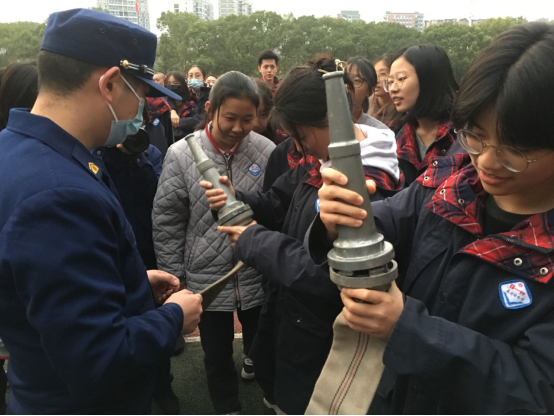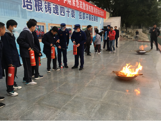 在操场上集中后,张队长对此次演练进行评价,同时对全体同学进行消防相关知识培训,张队长围绕灭火器的正确使用、水带水枪的构造、烟气的危害及紧急状态下的逃生方式,用一个个生动而又严肃的案例向同学们进行说明,同学们认真倾听。
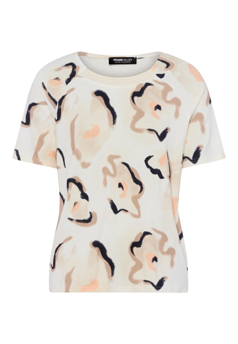 Dit T-Shirt is gemaakt in een zachte, soepelvallende kwaliteit. De ronde hals en korte mouw zorgen voor een verzorgde look. Je trekt het makkelijk aan dankzij het model zonder sluiting; zakken ontbreken voor een glad silhouet. Het dessin is all-over en toont een abstract bloemmotief met zand-, perzik- en donkerblauwe accenten op een lichte basis. De rechte pasvorm biedt comfort en blijft mooi in vorm, seizoen na seizoen.
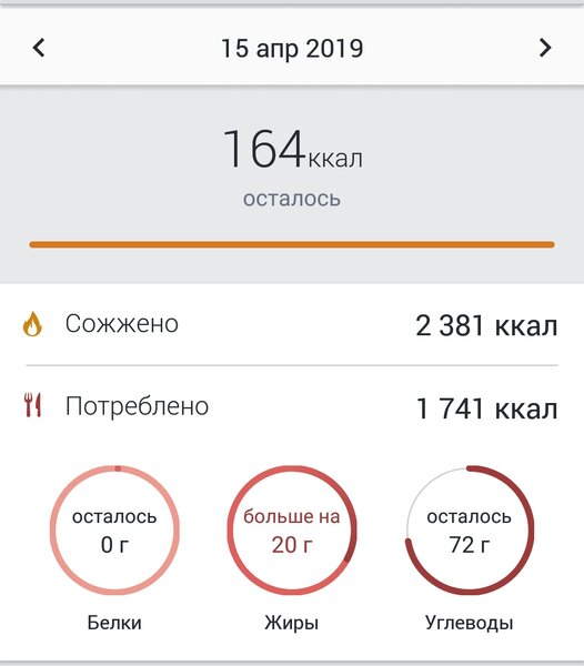 И что вы думаете? Я потратила 2300 калорий, а съела ровно 1741! Это почти идеальное попадание в мою норму в 1700 калорий. Я до сих пор не могу поверить в такое совпадение.
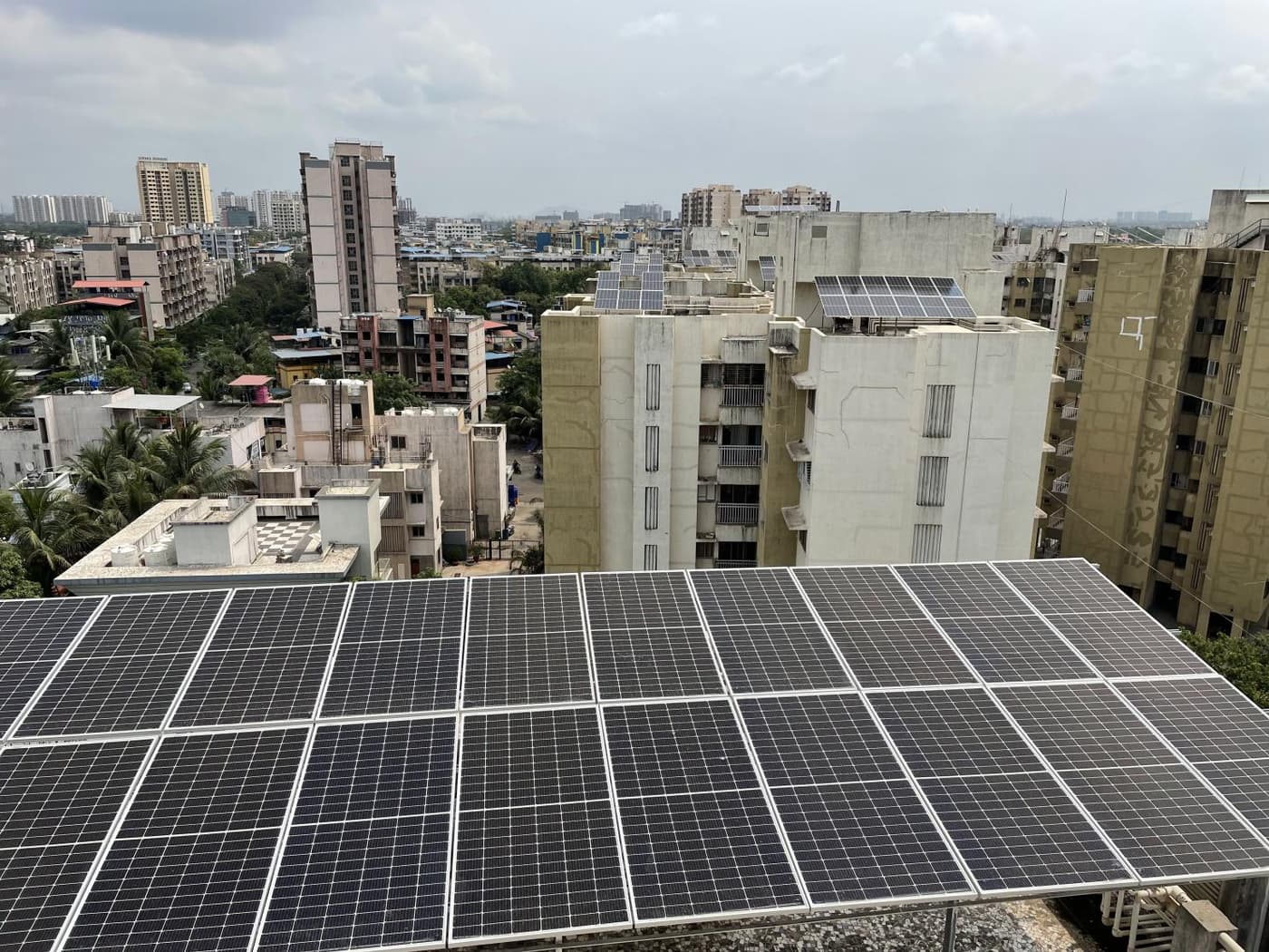 Morgana CHS is part of Casa Rio Gold in Palawa City, a residential cluster by the Lodha in Dombvli, Bombay. The rooftops here get ample sunlight with no other structure blocking path for sunlight, making it an ideal spot to host these panels.
********************
Exercise objective: Go through the material above and print all of it exactly, except the pictures.

Response to the exercise:
 在操场上集中后,张队长对此次演练进行评价,同时对全体同学进行消防相关知识培训,张队长围绕灭火器的正确使用、水带水枪的构造、烟气的危害及紧急状态下的逃生方式,用一个个生动而又严肃的案例向同学们进行说明,同学们认真倾听。
 Dit T-Shirt is gemaakt in een zachte, soepelvallende kwaliteit. De ronde hals en korte mouw zorgen voor een verzorgde look. Je trekt het makkelijk aan dankzij het model zonder sluiting; zakken ontbreken voor een glad silhouet. Het dessin is all-over en toont een abstract bloemmotief met zand-, perzik- en donkerblauwe accenten op een lichte basis. De rechte pasvorm biedt comfort en blijft mooi in vorm, seizoen na seizoen.
 И что вы думаете? Я потратила 2300 калорий, а съела ровно 1741! Это почти идеальное попадание в мою норму в 1700 калорий. Я до сих пор не могу поверить в такое совпадение.
 Morgana CHS is part of Casa Rio Gold in Palawa City, a residential cluster by the Lodha in Dombvli, Bombay. The rooftops here get ample sunlight with no other structure blocking path for sunlight, making it an ideal spot to host these panels.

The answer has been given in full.